There were no significant economic announcements to move the market yesterday, but when the US indexes opened, the financial press was talking up the -5.58% close of the Jakarta Composite and the less dramatic -1.56% close of the Mumbai SENSEX. Also when the opening bell rang, most of the eurozone was in the red. Not surprisingly, the S&P 500 opened lower, but it immediately reversed direction and hit its 0.20% intraday high thirty minutes later. The rest of the day was a steady decline to its -0.59% close, one basis point off its intraday low. Yesterday marked the first four-day decline of 2013.

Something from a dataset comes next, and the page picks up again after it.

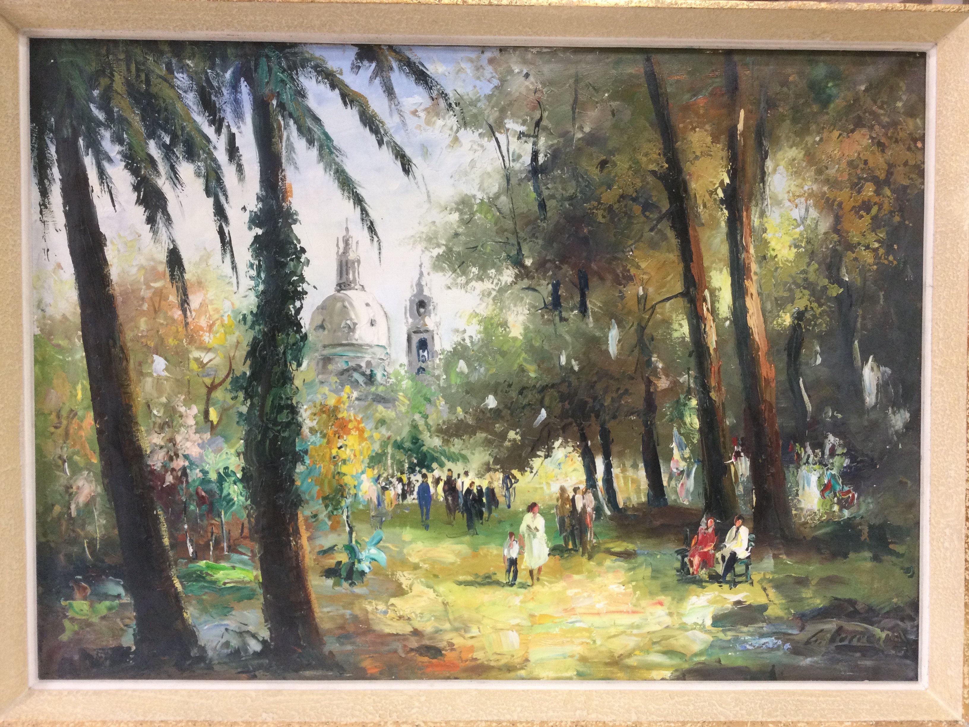 An oil on canvas of Lisbon, approx 74cm x 54cm. Shipping category D.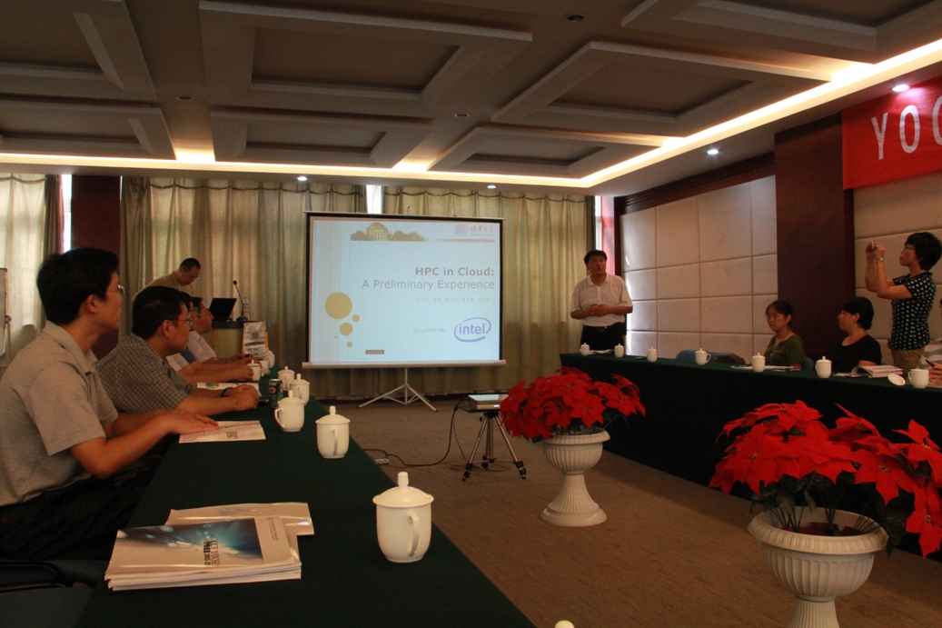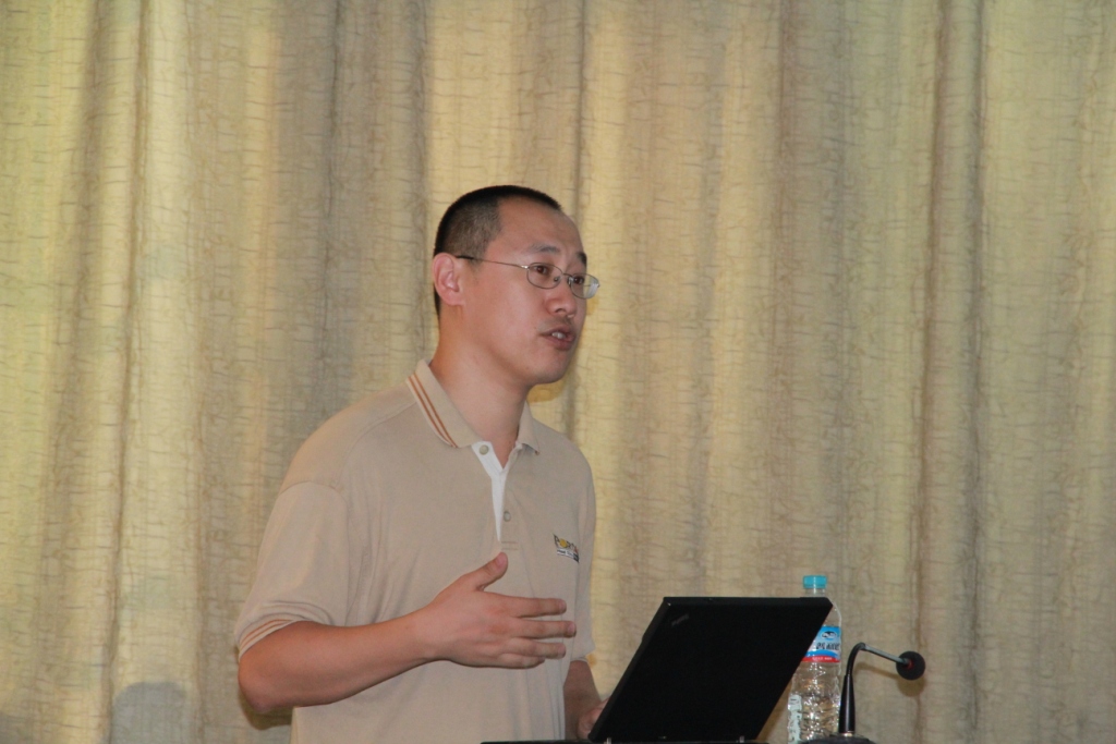 随后,文光主席做了“HPC in Cloud: A Preliminary Experience”的主题报告,介绍了清华大学计算机系高性能所在Amazon云上进行的一些高性能计算环境的研究工作。报告介绍了高性能计算技术遇到的问题和挑战,提出云计算平台为高性能计算的发展提高了一种全新的解决方案。文光主席深入介绍了在Amazon CCI (Cluster Compute Instance)平台上进行的一系列云计算平台测试过程,并从性能、可配置性和开销等方面展示了实验结果。山东大学计算机科学与技术学院杨承磊教授、李新副教授,浪潮(北京)电子信息产业有限公司产品研发部副总经理姚萃南等人对报告相关内容进行了提问,文光主席一一进行了解答。

The yield on the 10-year note closed at 2.88%, up 4 bps from Friday's close and over double the yield of its historic closing low of 1.43% in July of last year. The CBOE put the intraday high at 2.899%, just an atom's breadth from 2.90%, a level when alarm bells will go off (according to UBS's Art Cashin in a CNBC interview).
Here's a 5-minute look at yesterday's controlled selling with a bit of Friday afternoon for context.
We see on the daily chart that the S&P 500 has fallen below its 50-day moving average, but yesterday's selling was on light volume.
The S&P 500 is now up 15.42% for 2013 and 3.72% below the all-time closing high of August 2.